Top of Data for this exercise
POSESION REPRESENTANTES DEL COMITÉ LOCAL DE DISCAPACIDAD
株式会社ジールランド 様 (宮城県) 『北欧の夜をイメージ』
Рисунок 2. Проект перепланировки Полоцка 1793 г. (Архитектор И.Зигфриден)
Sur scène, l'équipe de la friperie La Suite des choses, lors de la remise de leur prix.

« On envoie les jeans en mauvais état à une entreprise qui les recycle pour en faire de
Bottom of Data for this exercise
Top of Data for this exercise
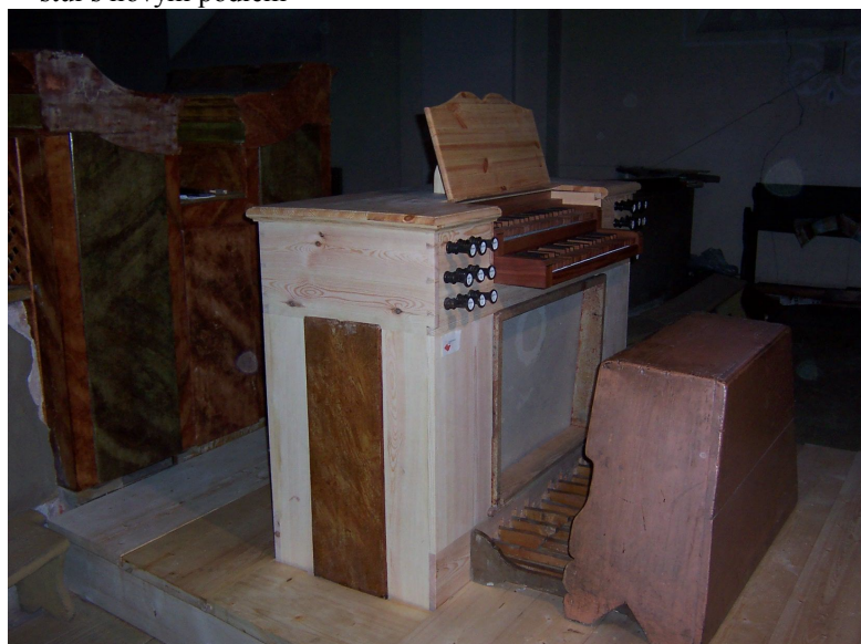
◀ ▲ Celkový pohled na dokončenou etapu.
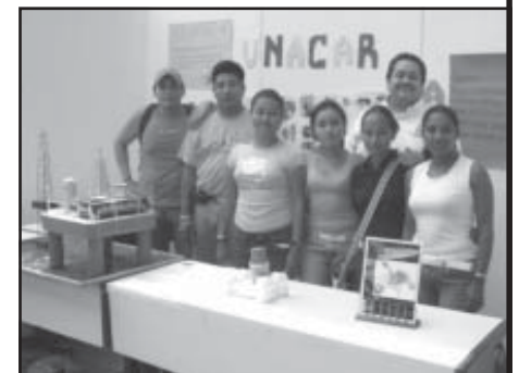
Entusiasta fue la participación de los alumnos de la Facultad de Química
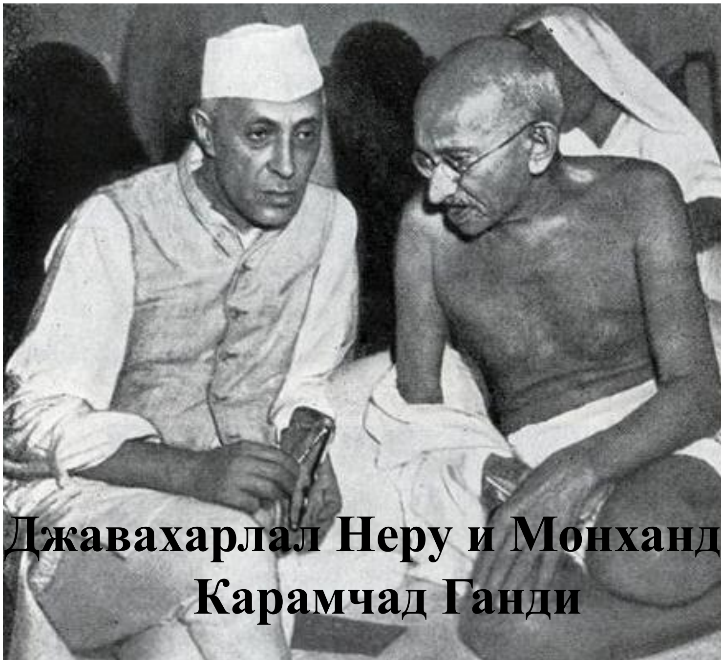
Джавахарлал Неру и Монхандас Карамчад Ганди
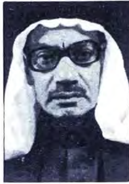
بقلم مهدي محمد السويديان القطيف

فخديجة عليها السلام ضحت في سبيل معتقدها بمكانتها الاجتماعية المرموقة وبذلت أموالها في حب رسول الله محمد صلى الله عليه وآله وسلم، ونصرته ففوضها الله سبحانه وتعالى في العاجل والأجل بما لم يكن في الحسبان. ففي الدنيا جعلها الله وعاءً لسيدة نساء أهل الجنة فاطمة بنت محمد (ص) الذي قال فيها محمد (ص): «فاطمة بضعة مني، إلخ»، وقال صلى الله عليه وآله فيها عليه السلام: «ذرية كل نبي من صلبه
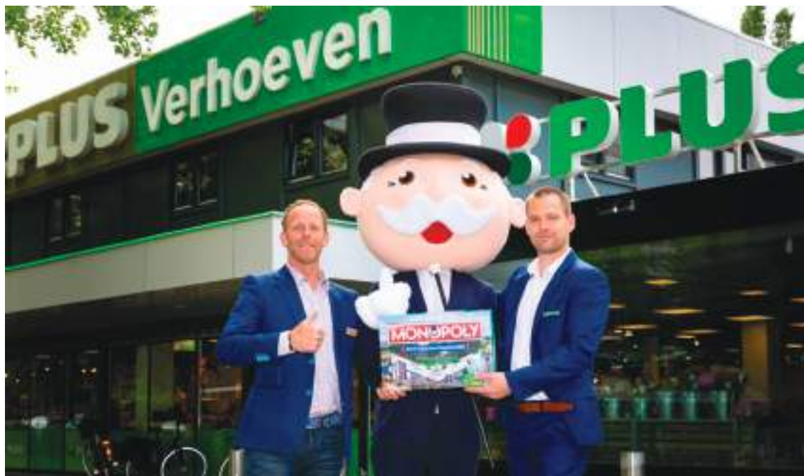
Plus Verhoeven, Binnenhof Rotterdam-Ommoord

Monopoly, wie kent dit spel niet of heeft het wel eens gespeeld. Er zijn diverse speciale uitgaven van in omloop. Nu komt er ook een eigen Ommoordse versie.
Bottom of Data for this exercise
Prompt = Please say how many lines in the entries hold the string "محمد". Give only the number.

Task answer = 2